### PROBLEM
Print, exactly as they stand, the lines below from the one that has "The Marvellous egg" to the one that has "The Food and", inclusive, leaving out the pictures.

--------

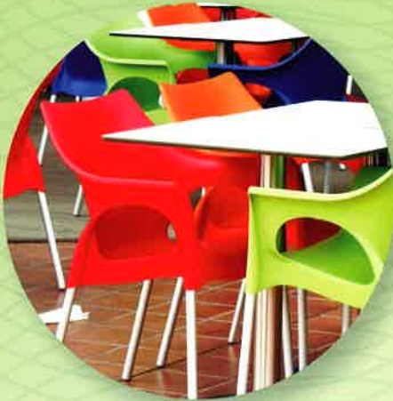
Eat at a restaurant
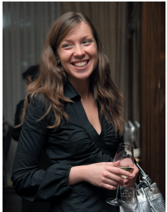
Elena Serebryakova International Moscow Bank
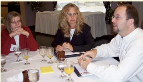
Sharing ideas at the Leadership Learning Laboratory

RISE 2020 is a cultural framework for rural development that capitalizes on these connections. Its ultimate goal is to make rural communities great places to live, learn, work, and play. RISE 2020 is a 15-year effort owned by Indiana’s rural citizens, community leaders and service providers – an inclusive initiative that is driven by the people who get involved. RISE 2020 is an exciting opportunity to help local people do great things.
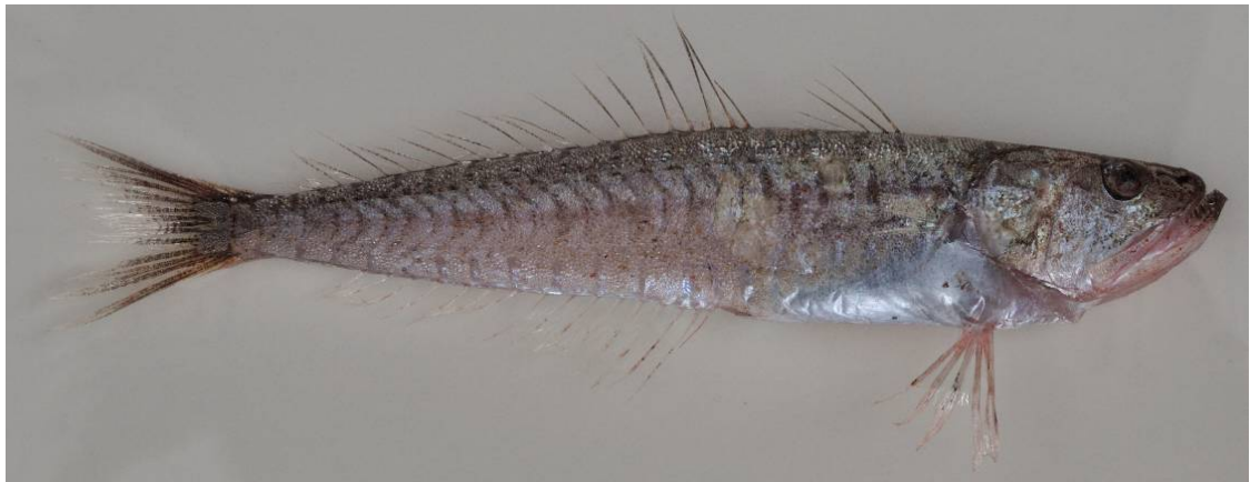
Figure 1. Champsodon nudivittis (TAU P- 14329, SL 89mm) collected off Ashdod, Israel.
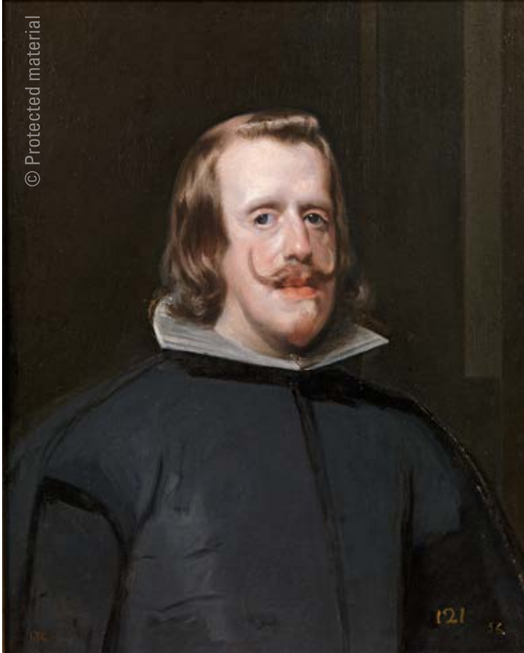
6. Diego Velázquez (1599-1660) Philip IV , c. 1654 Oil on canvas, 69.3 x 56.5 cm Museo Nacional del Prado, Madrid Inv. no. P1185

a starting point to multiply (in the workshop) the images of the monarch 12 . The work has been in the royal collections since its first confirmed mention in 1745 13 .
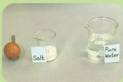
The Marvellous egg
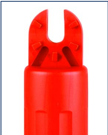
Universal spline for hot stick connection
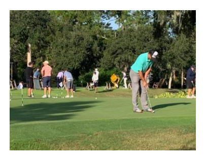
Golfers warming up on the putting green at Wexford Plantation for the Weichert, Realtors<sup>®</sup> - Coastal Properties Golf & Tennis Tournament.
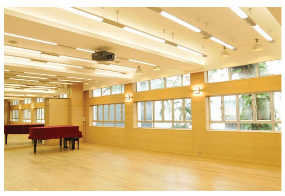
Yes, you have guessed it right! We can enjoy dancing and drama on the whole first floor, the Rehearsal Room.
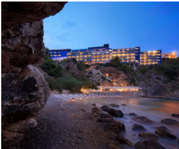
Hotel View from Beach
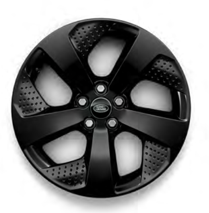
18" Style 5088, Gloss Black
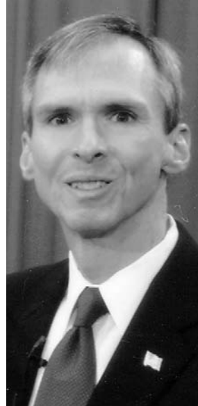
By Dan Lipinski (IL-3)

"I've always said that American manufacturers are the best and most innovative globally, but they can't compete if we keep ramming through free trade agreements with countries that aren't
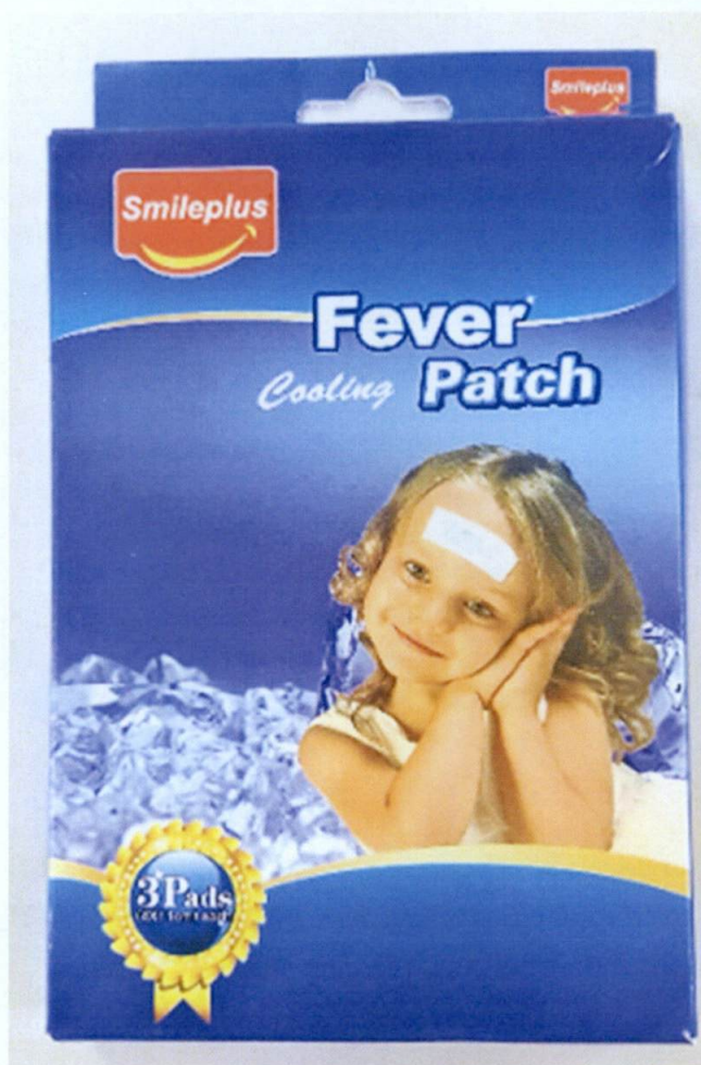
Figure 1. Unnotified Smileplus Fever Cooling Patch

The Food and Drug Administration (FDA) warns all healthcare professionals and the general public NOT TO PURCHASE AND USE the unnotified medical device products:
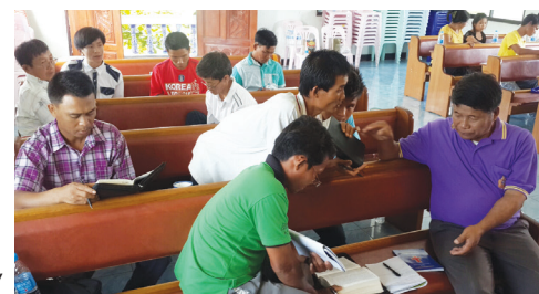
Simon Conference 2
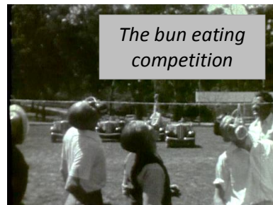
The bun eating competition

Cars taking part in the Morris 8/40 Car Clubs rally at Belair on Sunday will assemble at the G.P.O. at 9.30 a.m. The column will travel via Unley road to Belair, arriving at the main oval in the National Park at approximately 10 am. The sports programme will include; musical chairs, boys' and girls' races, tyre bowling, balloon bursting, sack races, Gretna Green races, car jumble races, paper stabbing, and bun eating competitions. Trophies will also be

--------

### REPLY TO THE TASK
The Marvellous egg
Universal spline for hot stick connection
Golfers warming up on the putting green at Wexford Plantation for the Weichert, Realtors<sup>®</sup> - Coastal Properties Golf & Tennis Tournament.
Yes, you have guessed it right! We can enjoy dancing and drama on the whole first floor, the Rehearsal Room.
Hotel View from Beach
18" Style 5088, Gloss Black
By Dan Lipinski (IL-3)

"I've always said that American manufacturers are the best and most innovative globally, but they can't compete if we keep ramming through free trade agreements with countries that aren't
Figure 1. Unnotified Smileplus Fever Cooling Patch

The Food and Drug Administration (FDA) warns all healthcare professionals and the general public NOT TO PURCHASE AND USE the unnotified medical device products:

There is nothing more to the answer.